In fact, the Court did not diminish the First Amendment's protection of opinion and overruled no precedents, let alone two decades of them. It did hold, however, that opinion requires no new constitutional protection because the conventional safeguards of freedom of expression adequately protect opinion in libel cases. It held, too, that if an expression of opinion implied an assertion of objective fact on a matter of public concern, no liability for defamation would exist unless the party bringing suit proved that the publication was false and published with malice in the case of a public official or a public figure, or false and published with "some level of fault" in the case of a private individual involved in a matter of public concern.

In this case, the publication accused a private individual of perjuring himself in a judicial proceeding on a matter of public concern, but the accusation was couched in terms of opinion, for example, "anyone who attended the [wrestling] meet … knows in his heart that [Coach] Milkovich … lied at the hearing." Chief Justice william h. rehnquist, for the Court, observed that the writer should not escape liability merely because he used words such as "I think," because he might do as much damage to an individual's reputation as he would by saying flatly that he had lied.

The publishing company sought a special rule distinguishing "fact" from "opinion" and exempting opinion from the law of libel. This is what the Court refused to do because some opinions connoted facts for which their authors ought to be responsible. The Court made clear, however, that "a statement of opinion relating to a matter of public concern which does not contain a provably false factual connotation will receive full constitutional protection."
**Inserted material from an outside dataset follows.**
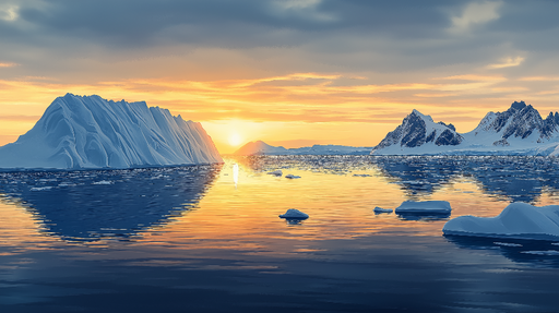 WonderMuralDette fototapetet fremkaller et slående arktisk landskap, der det gyldne lyset fra soloppgangen reflekteres på imponerende isfjell og rolige farvan...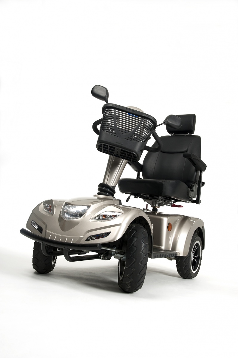 Скутер для инвалидов Carpo 2 - мощная и комфортная четырехколесная модель. Предназначен для использования на улице, с полным удовольствием от вождения. Пробег на одной подзарядке возможен на 30-60 км со скоростью 10-15-18 км/ч. Это электронно-программируемая модель. Электронный дисплей управления находится на рулевой колонке, отвечая за необходимые функции. На нем отразятся, например, такие необходимые индикаторы, как состояние батареи и скорости. В дороге будет подспорьем переднее и заднее освещение. Для покупок и личных вещей есть прочная корзина. Максимальная грузоподъемность - 150 кг.

justices william j. brennan and thurgood marshall dissented, but only on the question as to whether the publisher in this case should be held accountable for libel. Significantly, Brennan, who was the Court's foremost exponent of freedom of the press in libel cases, declared that Rehnquist addressed the issue of First Amendment protection of opinion "cogently and almost entirely correctly. I agree with the Court that … only defamatory statements that are capable of being proved false are subject to liability under state libel law." Thus, the Court did not diminish constitutional protections of opinion and held, properly, that existing First Amendment doctrines adequately served to insulate from libel prosecutions the expression of sheer opinion in matters of public interest.